My Lords, we on these Benches warmly welcome these regulations. We entirely support the Government’s position. We very much hope that if this Prayer against the regulations is moved to a vote, it will be roundly defeated. I shall try briefly not to repeat what others have said, but to add new points.
I found the speech of the noble Lord, Lord Smith of Finsbury, deeply impressive. He has made it unnecessary for me to say much of what I would otherwise have said. I am a former special adviser to the Standing Advisory Commission on Human Rights in Northern Ireland, and I have great affection for its people—even though, particularly when talking about matters of sex, some of them sometimes nearly drive me demented. That is almost as bad as talking about religion.

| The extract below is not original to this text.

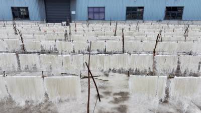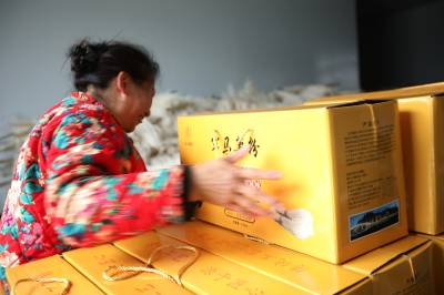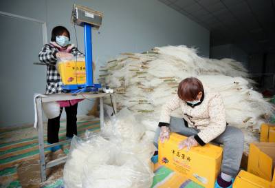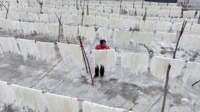 2026年1月3日,十堰市房县军店镇军马村,当地农民在晾晒、装箱纯手工红薯粉,供应广东、新疆等地。

It has not been said tonight that Northern Ireland has been a pacesetter for anti-discrimination legislation, often leading the way with the rest of the United Kingdom following. I am old enough to remember the Van Straubenzee report, which led to the fair employment legislation that was much stronger than what I was able to accomplish at the Home Office in the mid-1970s. Under the noble Baroness, Lady Thatcher, that was strengthened greatly in 1989; we had nothing comparable to it. Remarkably, in Section 75 of the Northern Ireland Act 1998, there is a provision compelling the promotion of equality of opportunity between people of different sexual orientation, among other things. We do not have that, of course. There is already a human rights commission in Northern Ireland, anda single equality commission. Work has progressedon a single equality Bill from a fairly early stage. It is not at all unusual for Northern Ireland to be first with excellent civil rights legislation on discrimination.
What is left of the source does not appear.